### PROBLEM STATEMENT
These records contain pictures, which must be left out; copy exactly the lines from the one with "Holiday Notice (Valmiki Jayanti) 6 Oct 2025" up to and including the one with "Antique Victorian New".
---------- RECORDS TO PROCESS
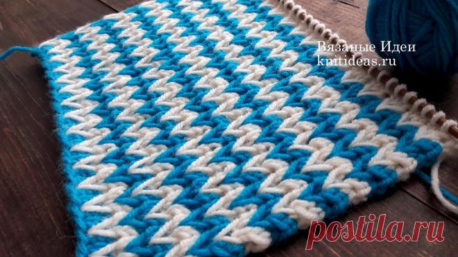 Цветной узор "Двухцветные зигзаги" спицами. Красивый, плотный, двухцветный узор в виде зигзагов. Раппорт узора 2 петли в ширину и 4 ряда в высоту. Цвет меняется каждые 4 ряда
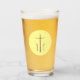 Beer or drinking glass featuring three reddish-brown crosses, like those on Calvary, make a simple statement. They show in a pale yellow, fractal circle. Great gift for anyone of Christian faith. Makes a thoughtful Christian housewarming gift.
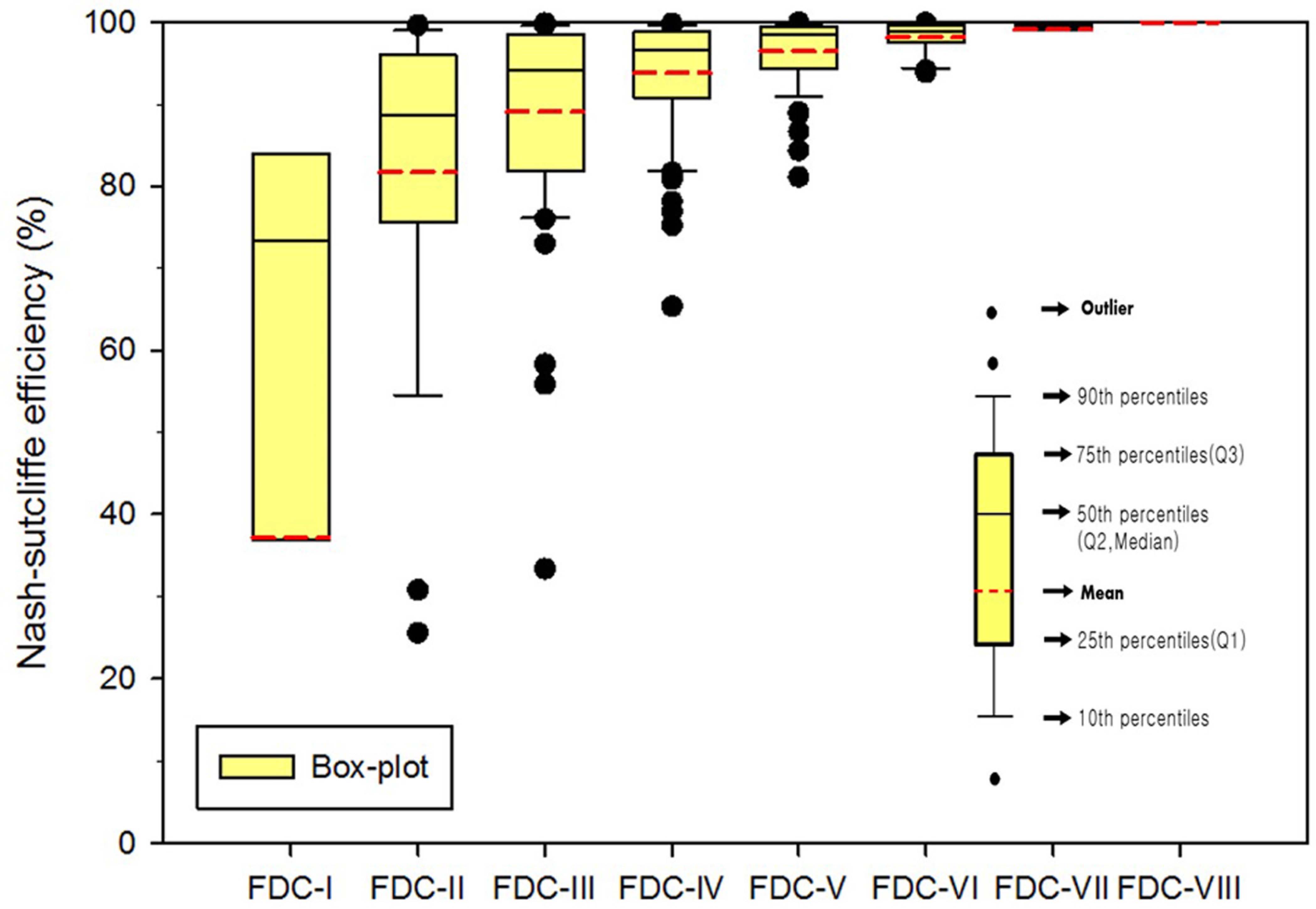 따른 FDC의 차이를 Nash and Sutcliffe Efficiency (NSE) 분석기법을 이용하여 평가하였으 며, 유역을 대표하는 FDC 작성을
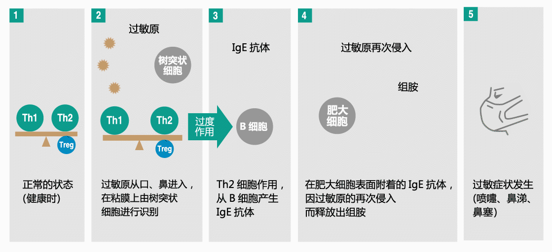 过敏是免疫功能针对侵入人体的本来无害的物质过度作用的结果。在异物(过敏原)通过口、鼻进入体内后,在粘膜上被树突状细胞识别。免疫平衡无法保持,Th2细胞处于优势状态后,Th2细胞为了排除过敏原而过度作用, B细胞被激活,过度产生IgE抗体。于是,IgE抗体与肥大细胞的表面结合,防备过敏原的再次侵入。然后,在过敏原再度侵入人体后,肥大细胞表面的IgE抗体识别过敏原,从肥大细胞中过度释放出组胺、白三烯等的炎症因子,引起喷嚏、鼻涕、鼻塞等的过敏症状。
--------------------
---------- RECORDS TO PROCESS
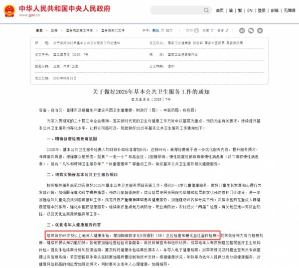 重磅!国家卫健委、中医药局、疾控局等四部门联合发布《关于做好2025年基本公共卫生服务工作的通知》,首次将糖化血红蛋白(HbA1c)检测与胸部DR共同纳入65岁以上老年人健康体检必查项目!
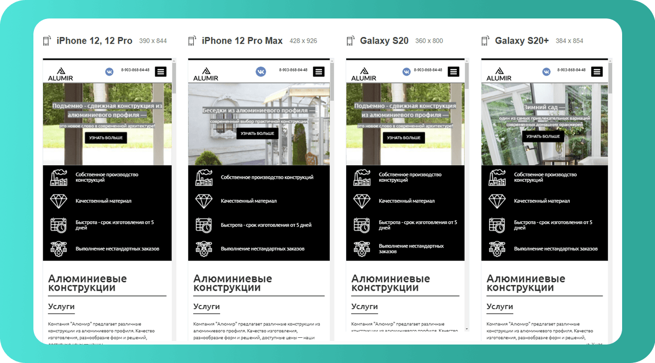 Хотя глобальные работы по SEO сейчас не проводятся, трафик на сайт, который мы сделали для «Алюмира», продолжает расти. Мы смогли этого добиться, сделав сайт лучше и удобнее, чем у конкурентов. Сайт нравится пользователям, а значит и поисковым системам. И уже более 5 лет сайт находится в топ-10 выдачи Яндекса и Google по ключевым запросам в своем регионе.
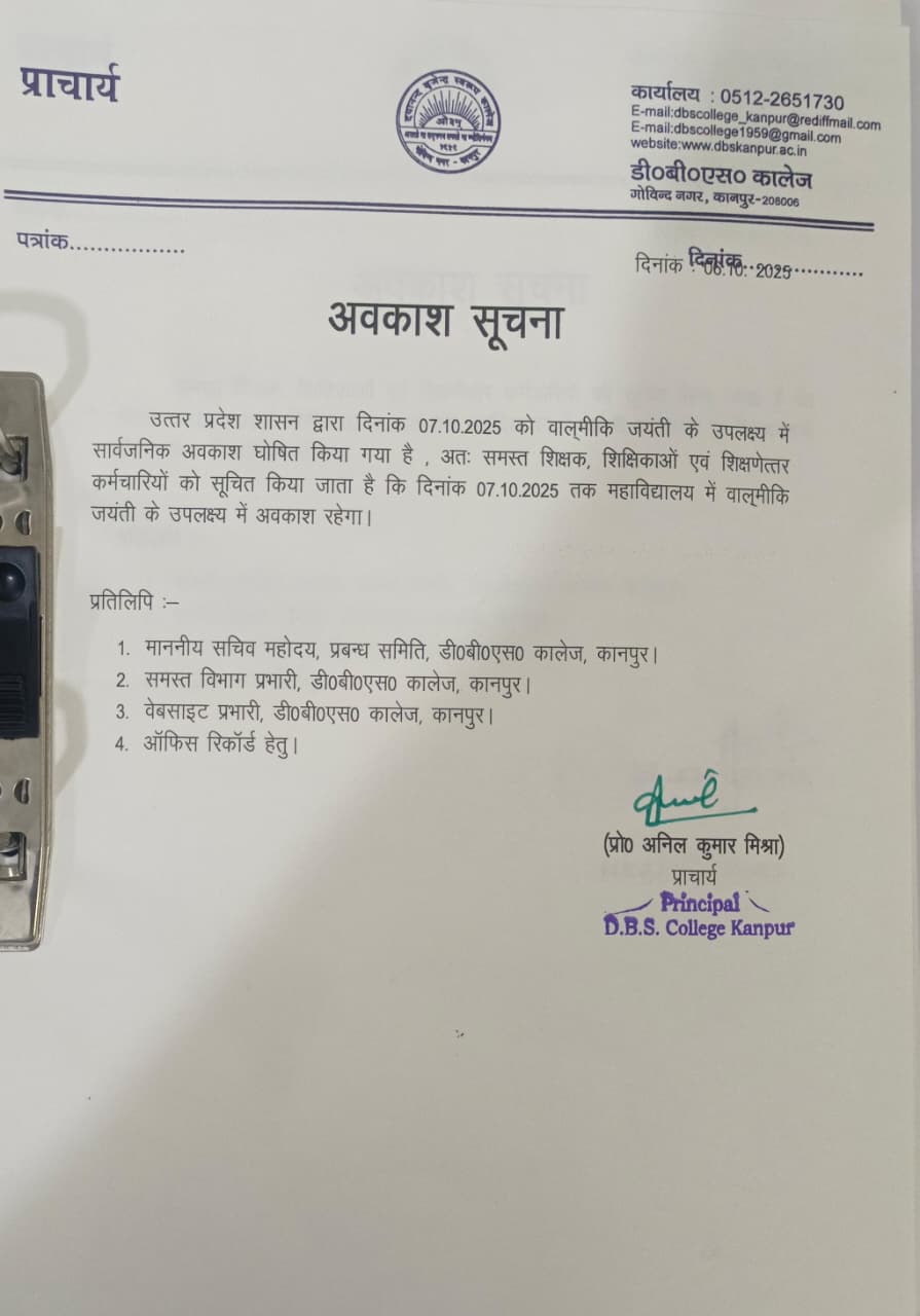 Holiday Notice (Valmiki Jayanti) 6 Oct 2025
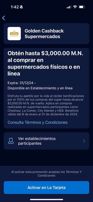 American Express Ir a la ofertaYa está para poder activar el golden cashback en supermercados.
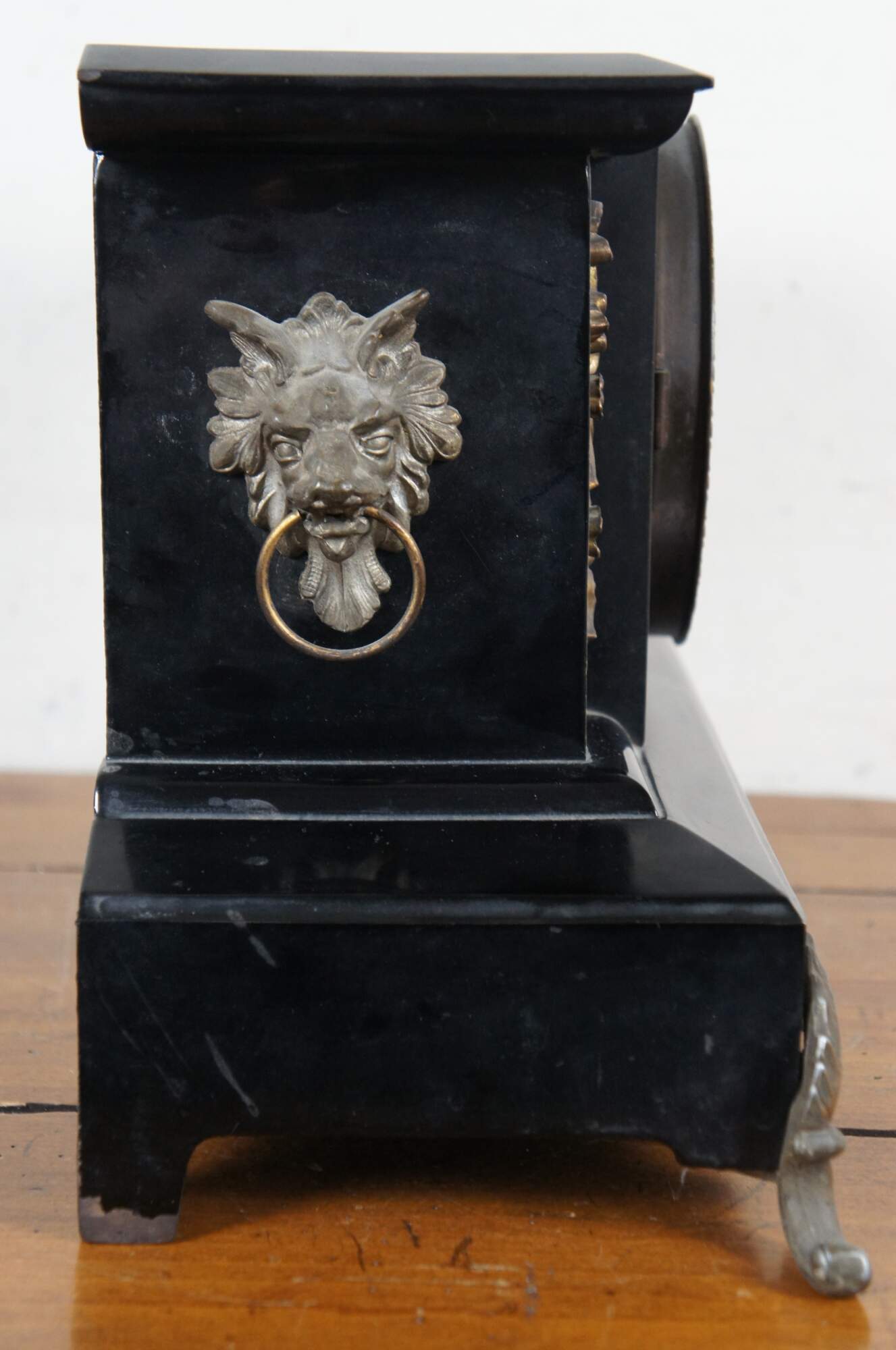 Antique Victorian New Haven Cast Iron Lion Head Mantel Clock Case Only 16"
--------------------
### TASK ANSWER
 Holiday Notice (Valmiki Jayanti) 6 Oct 2025
 American Express Ir a la ofertaYa está para poder activar el golden cashback en supermercados.
 Antique Victorian New Haven Cast Iron Lion Head Mantel Clock Case Only 16"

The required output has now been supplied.